Background information
- Also known as: DB, The Culture Pirates, Flying Vipers
- Origin: Hudson, New Hampshire, United States
- Genres: Dub, punk, reggae
- Years active: 2001–present
- Labels: Music ADD, Jump Up! Records
- Members: John Beaudette; Marc Beaudette; Rob Carmichael; Sean Carmichael; Casey Gruttadauria; Kellee Webb;
- Past members: Chris Moran; Jon Mercer;
- Website: destroybabylon.com

= Destroy Babylon =

American band

Destroy Babylon are a Boston, Massachusetts based band originally from Hudson, New Hampshire. Formed in 2001, their music is influenced by a wide range of styles, including post-punk, dub, Jamaican backing bands, and 1960's psych and prog rock.

== History ==

=== 2001-2008 ===
Twin brothers John and Marc Beaudette formed Destroy Babylon with their friend Chris Moran during the summer of 2001 in Hudson, New Hampshire, before attending college.
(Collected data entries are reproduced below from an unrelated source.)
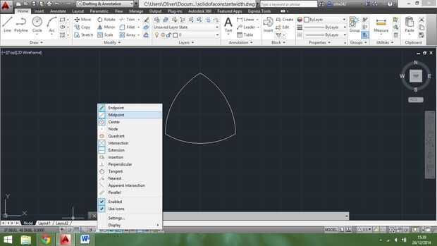 6) borrar nada a la izquierda de ese lado haciendo clic y pulsando eliminar / / usted debe dejarse la mitad un triángulo de Reuleaux como en la foto de arriba.
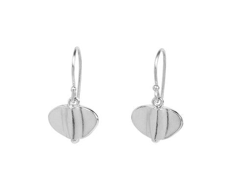 Little ovals of sterling silver have been hand-finished to a smooth, satiny finish. A raised peak runs vertically through them creating an interesting, sculptural effect. The movement they make while they dangle from the ear wires is subtle and mobile-like. Perfect everyday earrings!
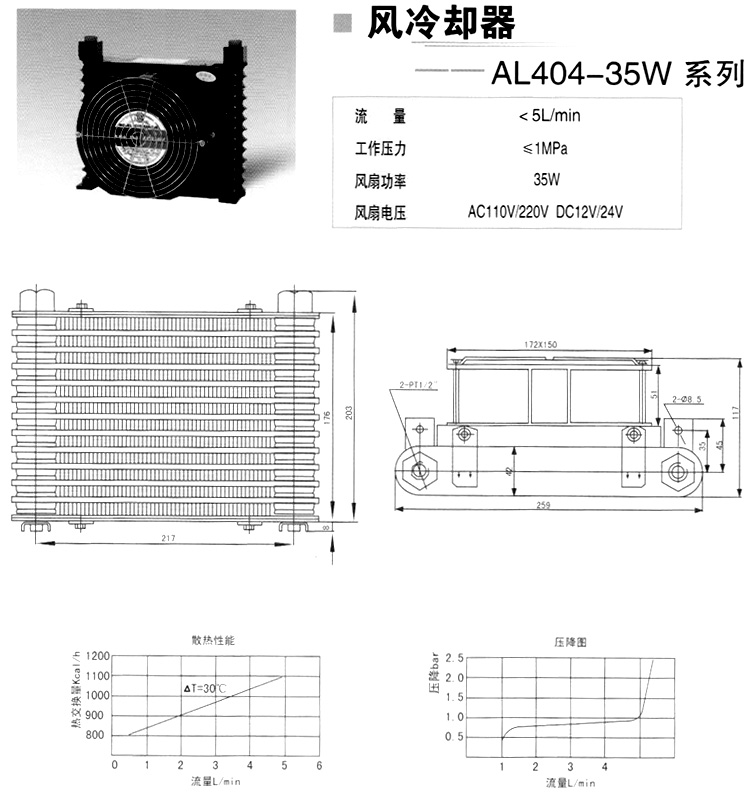 詳細信息 AL404-35W,風(fēng)冷式油冷卻器

The band name was taken from a song by the Bad Brains. They began writing music influenced by the energy and DIY ethics of punk rock and the rhythms of Roots reggae and Dub music. The band relocated to Boston in 2005 and released their first full-length, Oligopuzzled, in 2006 on their own Music ADD label. Rob Carmichael joined the band on lead guitar and they released two EPs, sEParation and The Shadow Army. Jon Mercer then joined the band on keys and live dub effects, and after some national touring, released a live full-length, Backyard Babylon.

=== 2009-2010 ===
Destroy Babylon gained national airplay with their 2009 single, Culture Pirates, released on a 7" vinyl record packaged with a 28-page art book. In January 2009, the band started a "Dub of the Month" series, releasing a new song once a month for a full year. Each song debuted on WMBR's Pipeline! show. The 12 songs were collected and released as Dub of Ages, Vol. 1 in 2010. DB toured and supported the likes of Lee "Scratch" Perry, The Wailers, Eek-A-Mouse, Bad Brains frontman H.R., plus contemporaries like The Slackers, The Aggrolites, Dub Trio, and Westbound Train, among others.

=== 2011-2014 ===
The band worked with Craig Welsch (John Brown's Body, 10 Foot Ganja Plant) on their latest full-length, Long Live the Vortex. Both Jon Mercer and Chris Moran left the band before the album was released. John Beaudette switched to bass and Casey Gruttadauria joined on keys. In August the band completed a short tour with the Easy Star All-Stars. In 2012, Kellee Webb became a full-time singer and percussionist, Rob's brother Sean Carmichael took over on bass (moving John back to guitar), and the band typically performs as a 6-piece.

=== 2015-Present ===
In the summer of 2015, the band announced a side project, Flying Vipers, and released a cassette tape of low fidelity instrumental dub reggae. The band followed up with another tape in 2016.

==Discography==
- Long Live the Vortex (2011)
- Dub of Ages Vol. 2 (2010)
- Dub of Ages Vol. 1 (2010)
- Culture Pirates (2009)
- Backyard Babylon: Live in Queens (2008)
- The Shadow Army (2008)
- sEParation (2007)
- Oligopuzzled (2006)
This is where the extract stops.